Day responded to Simpson directly in his April 28 “elites” speech: “I do not seek, nor do other persons of faith I know seek to impose their spiritual beliefs on anybody else…but [I] am opposed to any suggestion that citizens separate themselves from their beliefs in order to participate in the government of their state.” Day found an otherwise unlikely ally in Gerald Vandezande, dean of Canada’s liberal evangelical activists and highly regarded in ecumenical circles. In an April 18 op-ed in Canada’s national evangelical newspaper ChristianWeek, Vandezande challenged Simpson’s argument that anyone should or even can “park” their core beliefs.
There was an element of wishful thinking to the journalistic assessments. In the May 28 Toronto Sun Linda Williamson was sure that the Alliance would “never, ever be more than a (slightly scary) novelty fringe party” if it did not jettison social conservatives. Ottawa Citizen columnist Susan Riley contended, “Ontarians, who have long mistrusted Reform’s social agenda, will see through Day’s charming urbanity in a minute—right through to his red neck.”
This assumption that Canadians in general and Ontarians in particular would have no part of social conservatism was widely expressed. A Toronto Star editorial explained that Day’s “insistence” on speaking out on issues of social conservatism revealed that he “is either unaware or unconcerned that his Bible-belt morality doesn’t transplant well.” CTV’s Lloyd Robertson asked fellow journalist Craig Oliver, “Will the people of Ontario be able to set aside [Day’s] apparent social agenda and listen to what he has to say on other fronts?” Replied Oliver, “That is the issue.”
Notwithstanding these assessments, the first round of the Alliance leadership election saw Day beat both Manning and Long in Ontario (an upset, especially since Ontario is Long’s home province); and in the runoff 70 percent of Ontario’s Alliance voters went for Day despite Long’s endorsement of Manning. These results were surely music to the ears of the Toronto Sun’s Lorrie Goldstein, who before the elections complained that “what have been mistaken for ‘Ontario’ values in the often condescending media coverage of the Canadian Alliance, are actually the liberal values that many hold dear…in the media.”
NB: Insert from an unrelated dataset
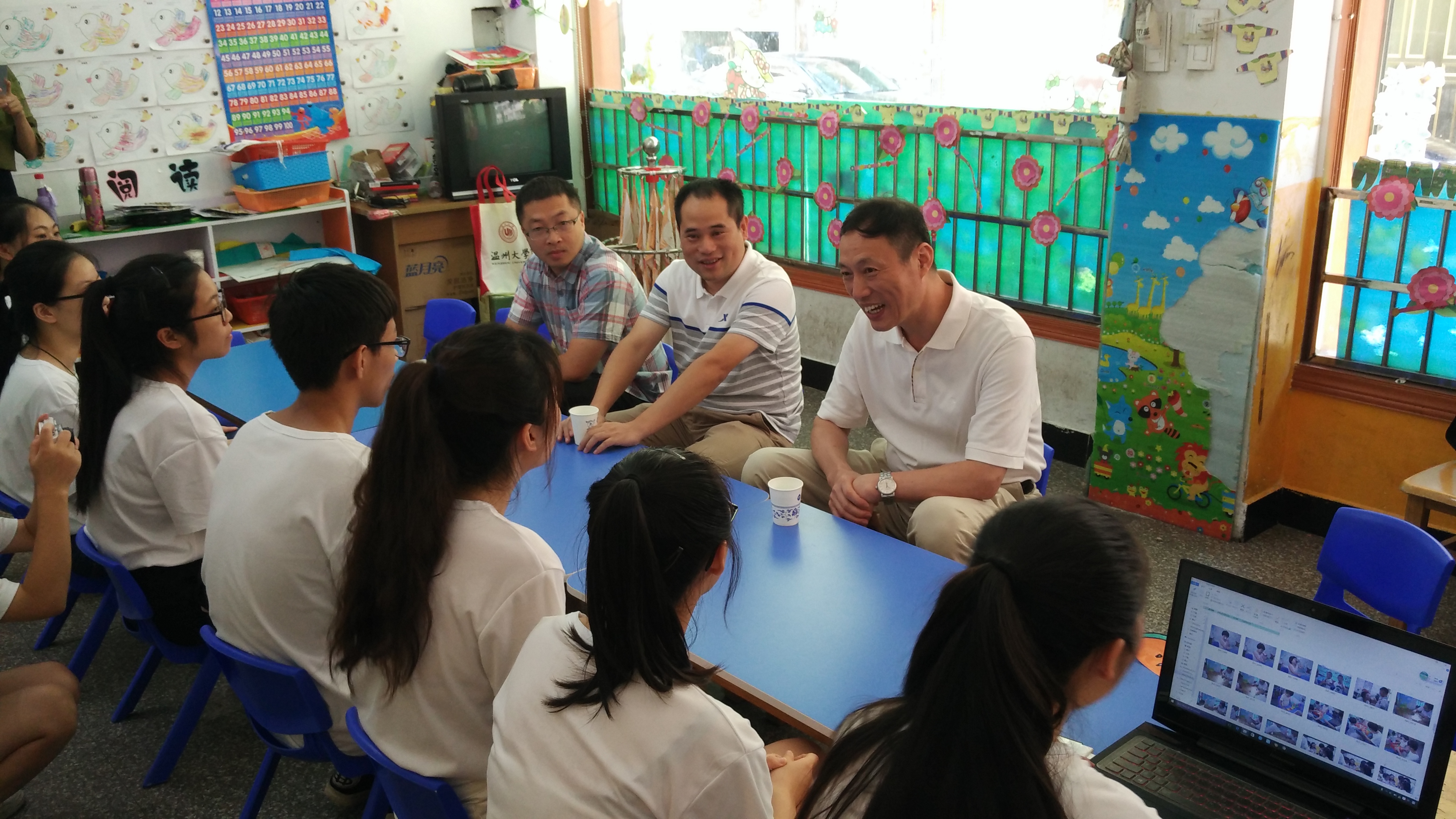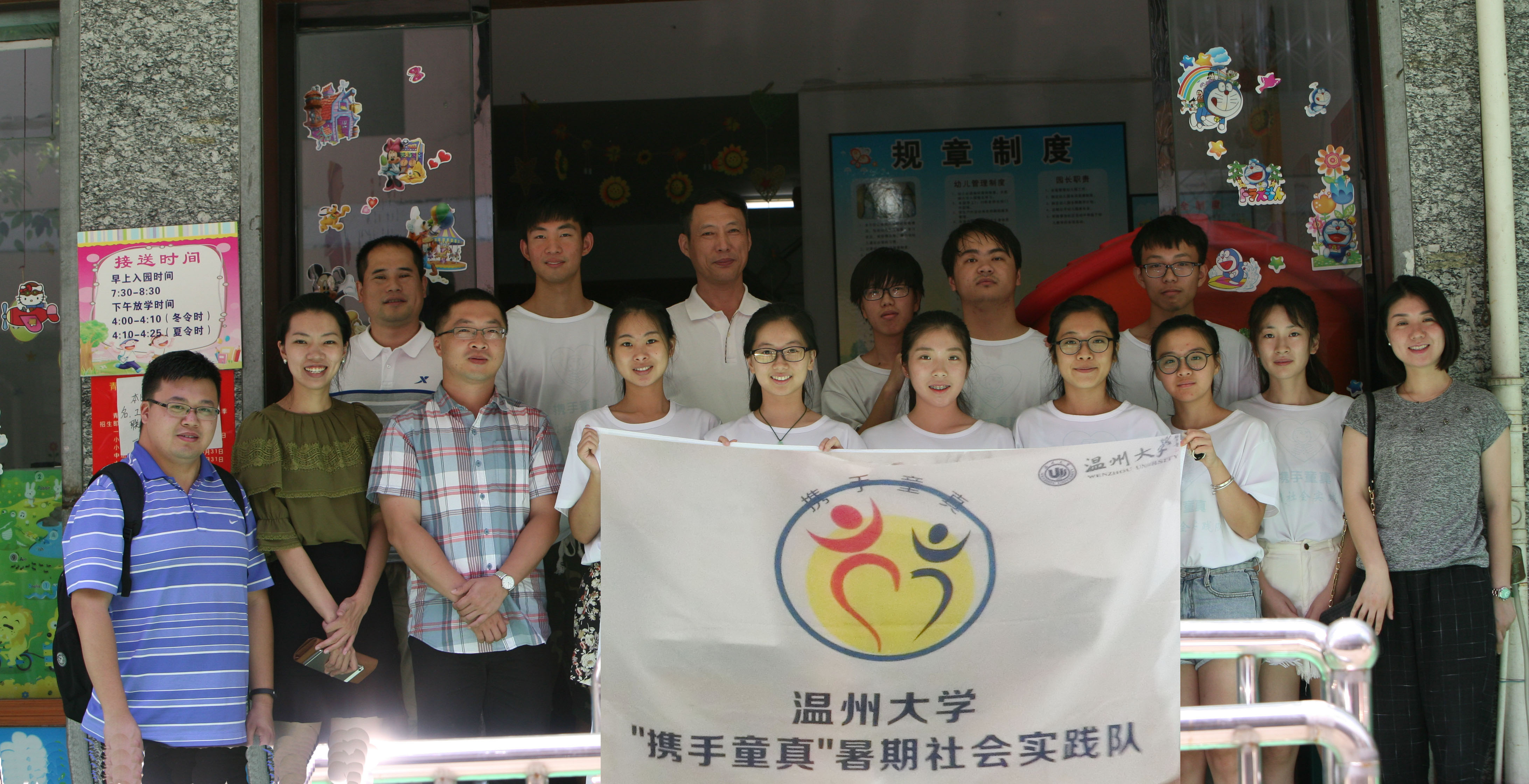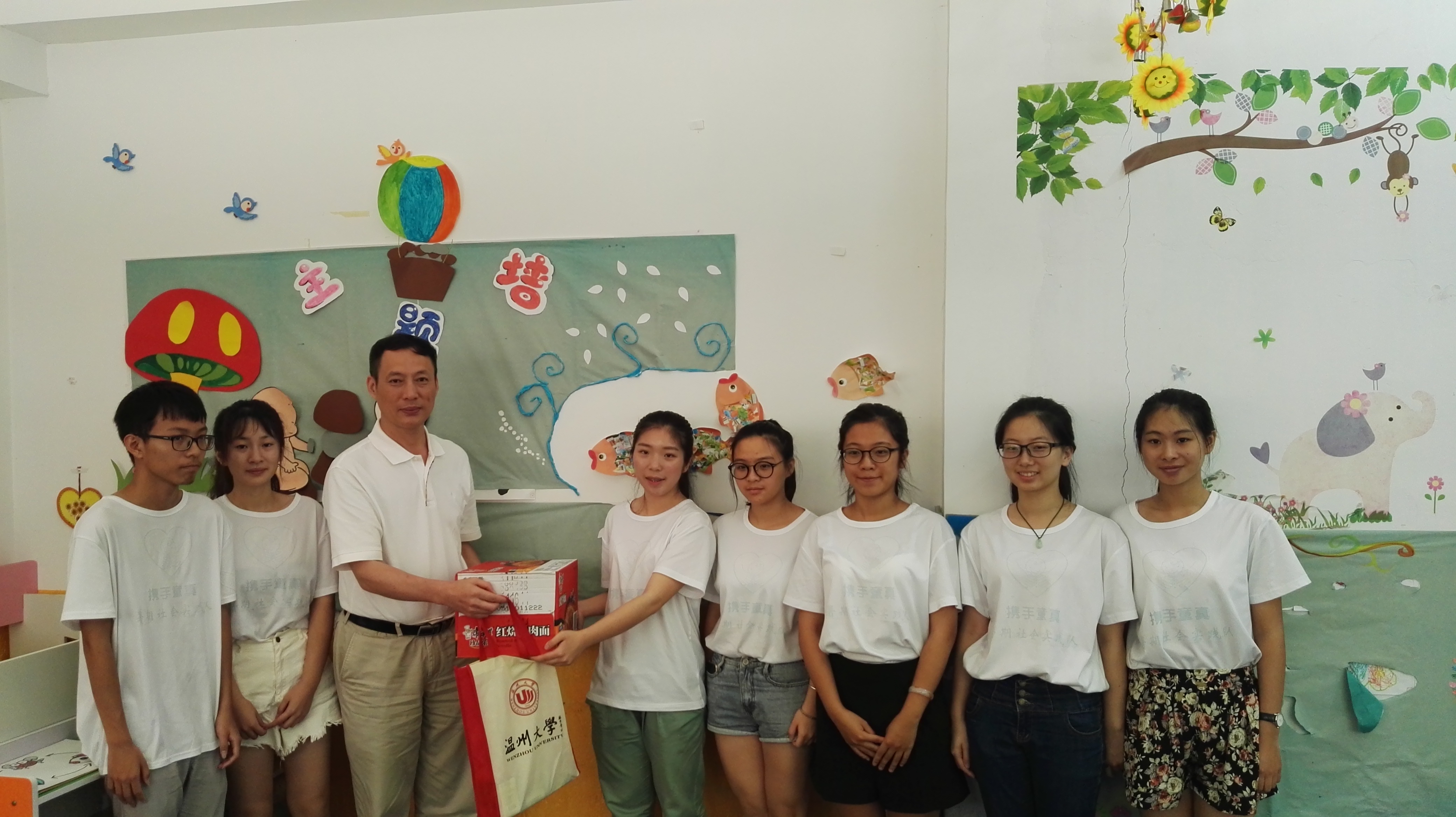 党总支书记杨立淮老师、校团委屠霁霞书记、魏一副书记、胡震鹏老师、学生科辅导员严晓秋老师一行人来到丽水青田好孩子幼儿园为我们携手童真实践队带来了温情的慰问,不仅送来了许多慰问品,更重要的是,在肯定我们实践队的同时,给予了我们许多宝贵的建议。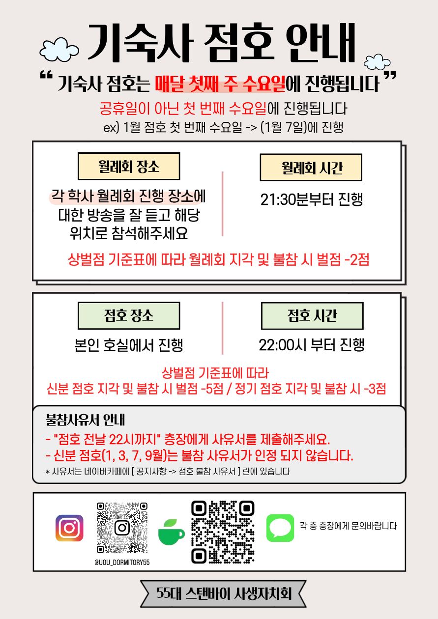 | 55대 스탠바이 사생자치회 “기숙사 점호 안내“ | |||||

If the Canadian news media were behind the curve of evangelical politics, it is in part a reflection of the relatively short shrift they have given religion—especially of the evangelical variety. To be sure, in some respects religion coverage has edged forward—for example, the multifaith channel Vision TV now leavens the broadcast media. But it is still the case that only a handful of Canadian newspapers employ full-time religion writers. And in religion-and-media scholar Joyce Smith’s study of religion coverage by 20 Canadian newspapers in 1999 (www.geocities.com/faithmedia/), less than five percent of references to religious groups were to evangelical Protestants.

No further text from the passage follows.